Yes I know how he feels to touch and hold. His skin sallow and smooth. His scars, his aches. The patch on the side of his left calf that hair won't cover. I know how he smiles when skin's touched with tongue, nose, breasts and how he flinches his left leg when tickled. I’ve felt his hands through my hair his fingers caress my breasts, the press of his mouth and tongue. The smack of a casual kiss, the firm shoulder rub, the gentle embrace, the patronising pat - I know him - all too well - the curve of his neck, back and thighs. The breadth of his shoulders, the firmness of his biceps the slender lines of almost feminine hands and fingers. His, 'meeting you for the first time' face, his 'disapproving face' and the myriad of expressions that make him almost mercurial, looking different in every photograph and situation. I also know his selfishness, his moodiness, his casual whims that translate to psychological torture. He is a manipulator of great finesse.
I fear for him, I fear for us, I fear for his future. Women are attracted to him like a jar of flies but repelled in an instant. His sweetness on the surface, his temper unpredictable, his selfishness legendary, his insecurities so large that he will push away the very ones he wants to control, the very ones he wants to love. The women he chooses are all deemed 'crazy', he never makes the first move unless he's drunk, or if sober, preambled by panic attacks of low confidence, and they seem to slip through his fingers with incredible ease.

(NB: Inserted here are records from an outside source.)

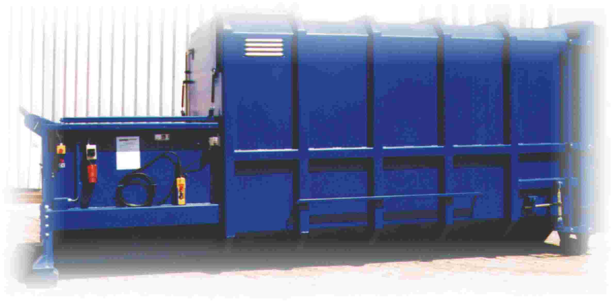 Self pressing garbage container. Pressing force 250 kN (25 tons), hydraulically powered, electromechanical and aeromechanical operating. | |
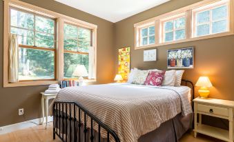 Enjoy modern amenities that enhance your stay. Stay connected with the provided Wi-Fi hotspot, take advantage of the washer and dryer, and find convenience in the iron and blow dryer. The convection oven and microwave offer versatility for your cooking needs, while the stereo and TV with a DVD player (no cable) provide entertainment options. Dive into a captivating book, challenge your loved ones to a game, or engage in friendly competitions with the badminton and croquet sets.
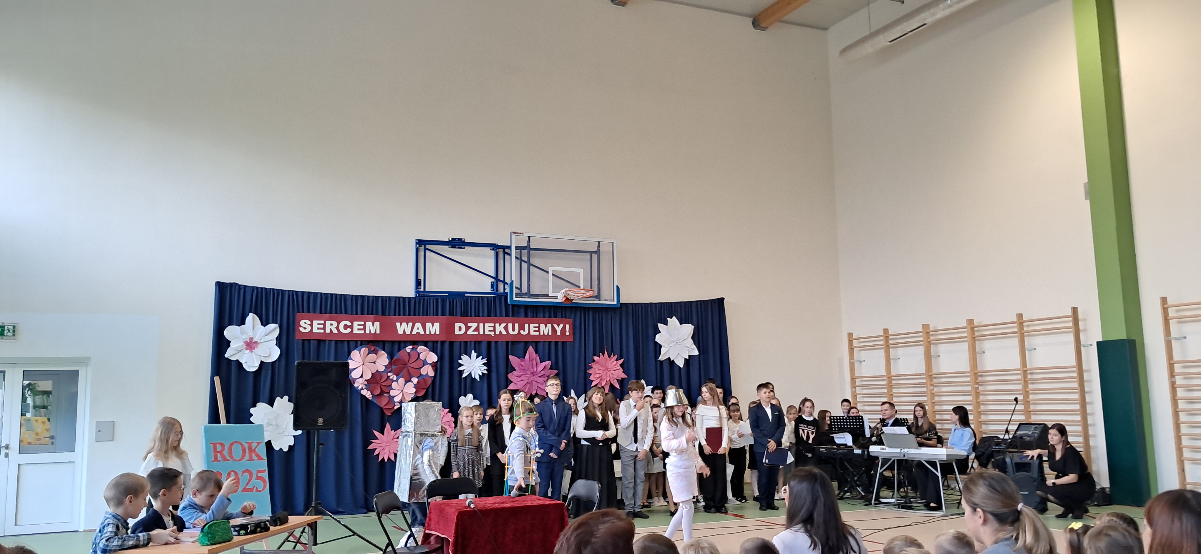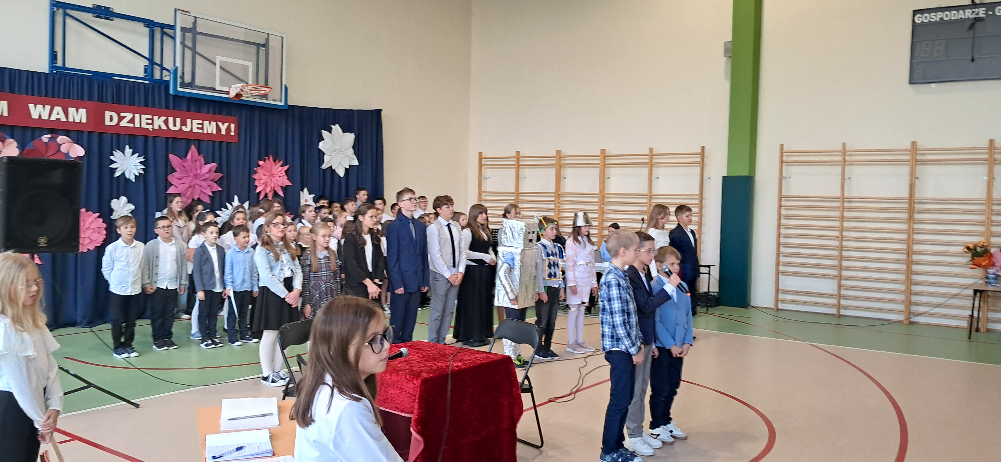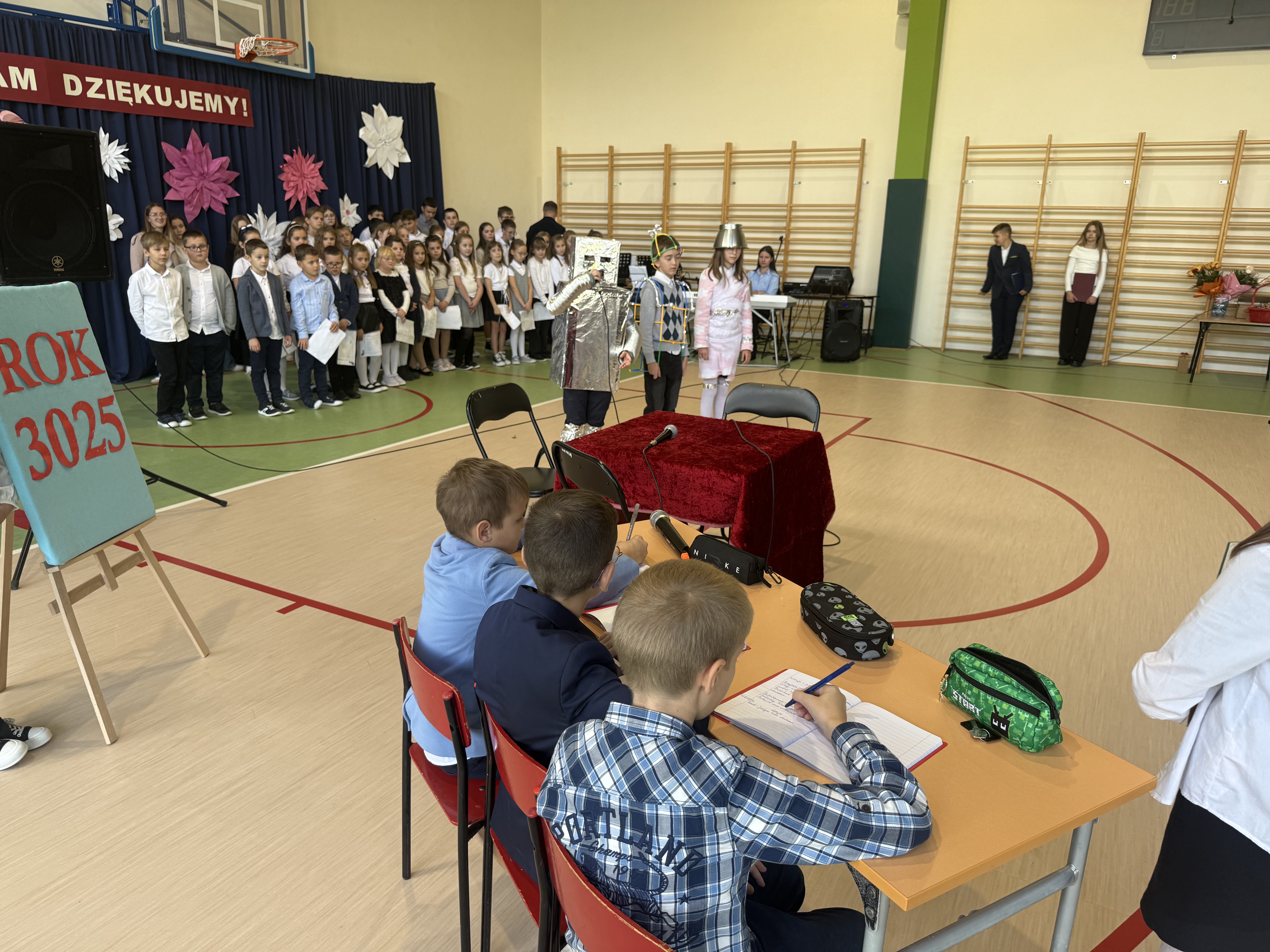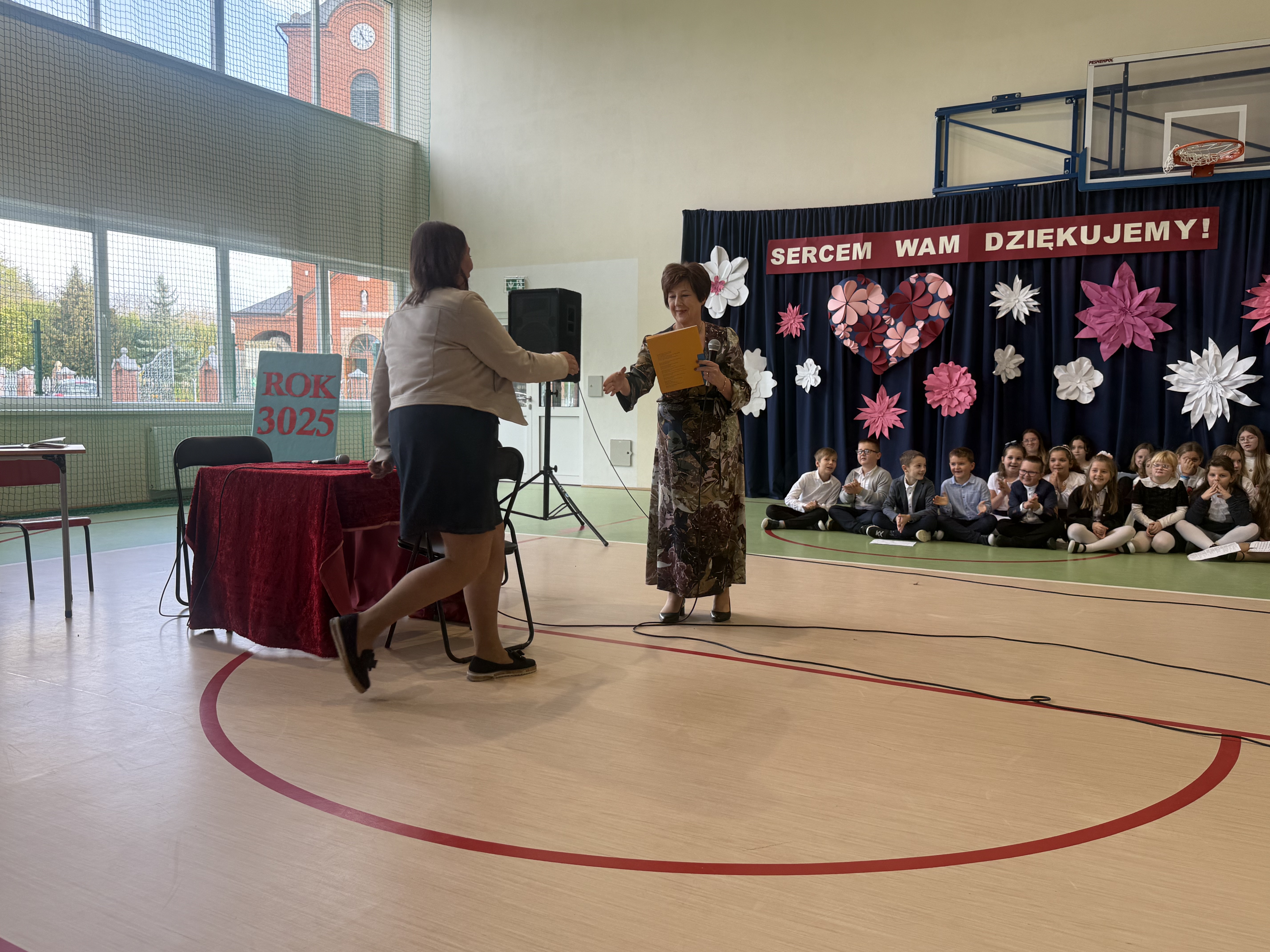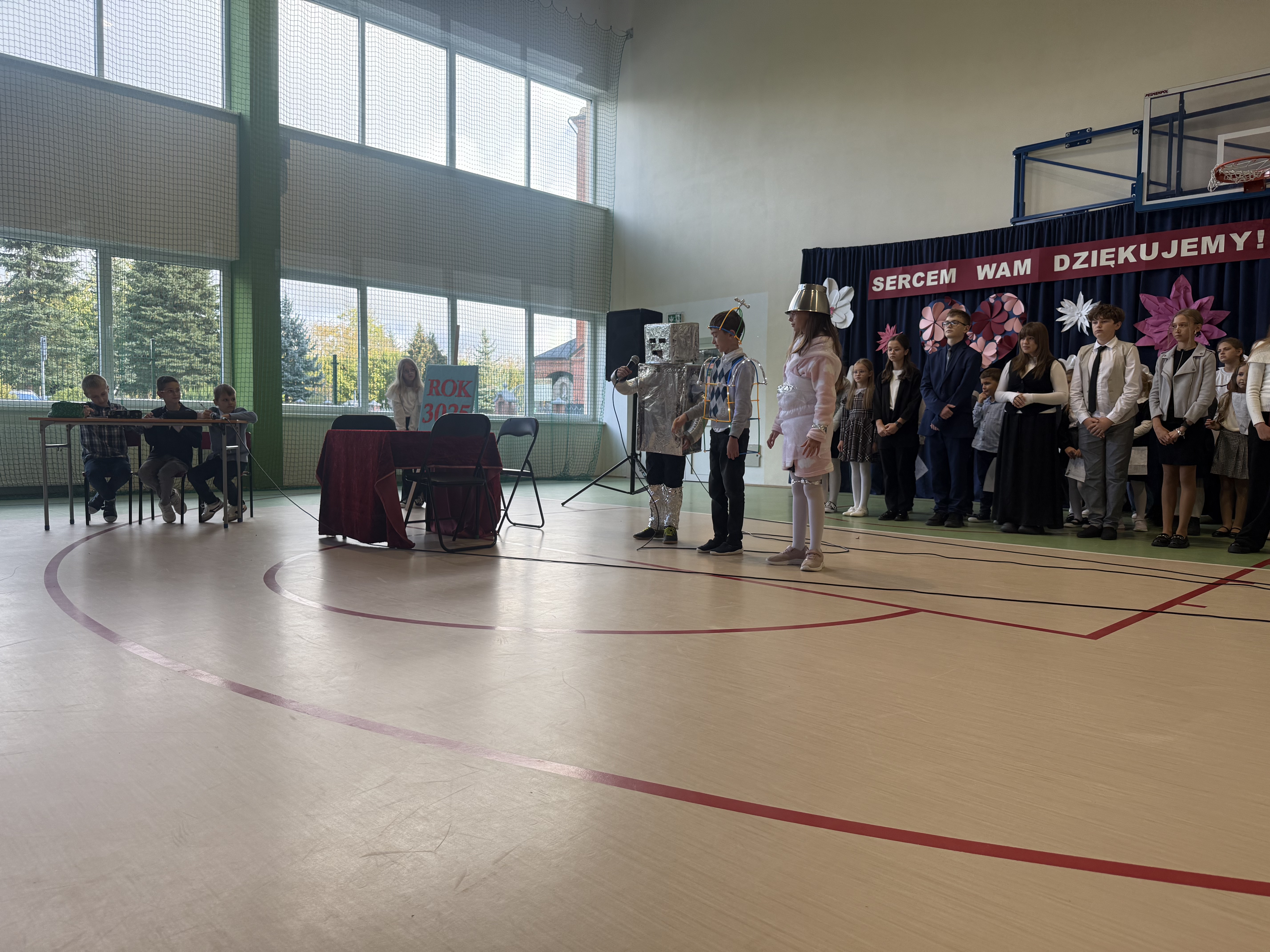 Tegoroczny Dzień Edukacji Narodowej w naszej szkole był wyjątkowym wydarzeniem, przygotowanym z zaangażowaniem i sercem przez uczniów Samorządu Uczniowskiego pod opieką pani Anny Nowackiej i pani Małgorzaty Dranki. Uroczystość odbyła się w sali gimnastycznej i dostarczyła wielu emocji – od wzruszeń po szczery śmiech. Obchody rozpoczęły się częścią artystyczną. Uczniowie zaprezentowali wzruszające wiersze, które były pięknym wyrazem szacunku i wdzięczności wobec nauczycieli i wszystkich pracowników szkoły. W wielu oczach pojawiły się łzy wzruszenia – słowa młodych artystów trafiły prosto w serca. Na scenie wystąpił szkolny chór, pod czujnym okiem pana Piotra Burkota. Piękne wykonania znanych piosenek wprowadziły wszystkich w wyjątkowy nastrój i zostały nagrodzone gromkimi brawami. W drugiej części uczniowie zaskoczyli publiczność humorem – wystawili skecz, przedstawiający zabawną wizję szkoły przyszłości, w której nauczycieli zastąpiły... roboty! Choć technologia robiła wrażenie, nie dorównywała prawdziwym nauczycielom, co w żartobliwy sposób podkreślili młodzi aktorzy. Na zakończenie głos zabrała pani dyrektor, która serdecznie podziękowała wszystkim nauczycielom za ich codzienny trud, poświęcenie i serce wkładane w pracę z uczniami. Wręczyła również nagrody nauczycielom, co spotkało się z ogromnym aplauzem. To był dzień pełen emocji, uśmiechów i podziękowań. Pokazał, jak ważną rolę odgrywają nauczyciele w życiu szkoły i jak bardzo są doceniani przez uczniów. Dzień Nauczyciela 2025 z pewnością na długo pozostanie w naszej pamięci.
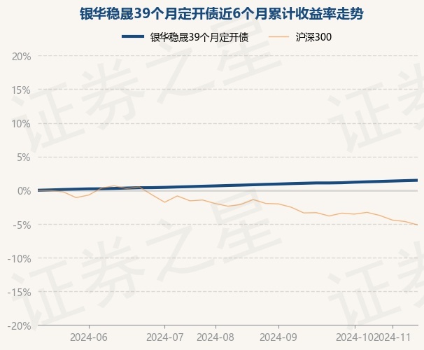 证券之星消息,11月15日,银华稳晟39个月定开债最新单位净值为1.0114元,累计净值为1.1504元,较前一交易日上涨0.05%。历史数据显示该基金近1个月上涨0.28%,近3个月上涨0.76%,近6个月上涨1.47%,近1年上涨2.84%。该基金近6个月的累计收益率走势如下图:
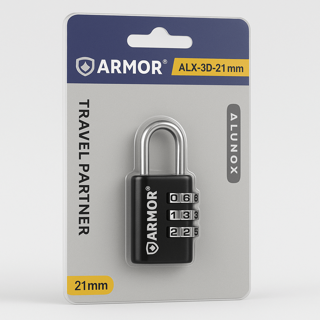 ARMOR ALX-3D Combination Padlock – 21mm, 3-Digit Code
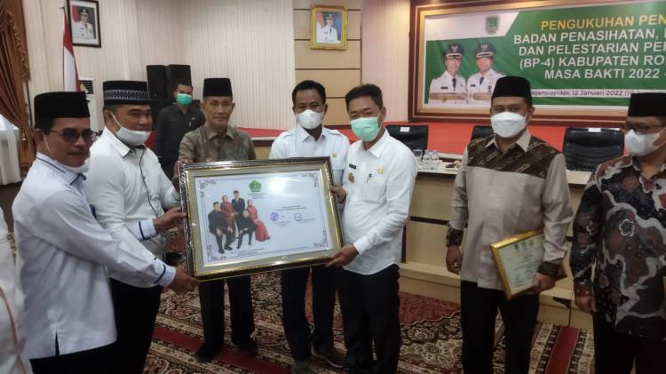 ROHIL, datariau.com - Pengurus badan Penasihatan, Pembinaan dan Pelestarian Perkawinan (BP-4) Kabupaten Rokan Hilir (Rohil) masa bakti 2022-2026 telah dikukuhkan oleh Ketua I BP-4 Provinsi Riau Drs H Muhammad Azis, Rabu (12/1/2022).
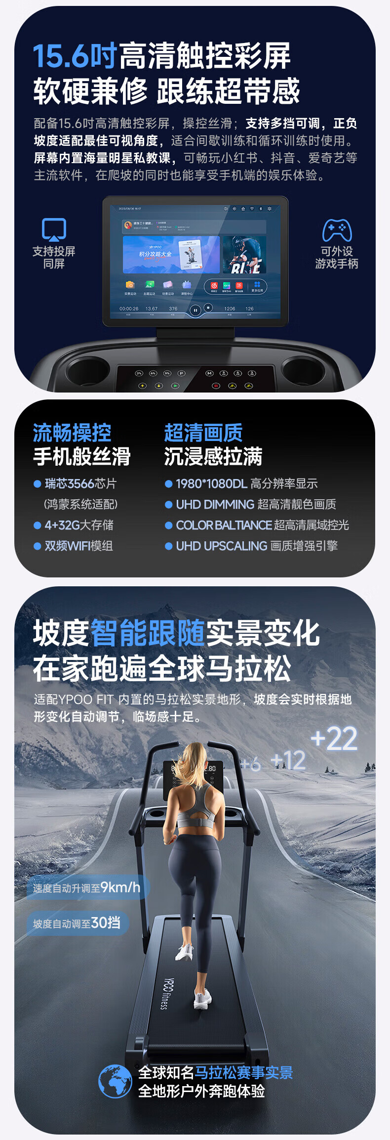 Easyrun M3max Marathon Treadmill Home Intelligent Climbing and Shock Absorbing Indoor Gym Equipment Marathon Climbing Model 15.6-inch Color Screen Version 19 Sky Dome Large Slope Black Walnut Wood Grain Version

Yes I know him, he's my sweetest friend. I have difficulty letting him go. I am a jealous friend, but a friend. He feels nothing for me but resentment. I look at how to leave but can't. I love him, intensely. I am a co-dependent, emotional, irrational, venomous, toxic, filled with bitterness and vitriol and love and compassion, and probably insane but, I know him.
He wanted me to listen to a particular piece of music to write this but . . memories of my mother's piano flooded back. Even as a six year old, but I bowed to his will. And now, I'm angry, lost, depressed, weak, embarrassed, distressed, vulnerable. Controlled.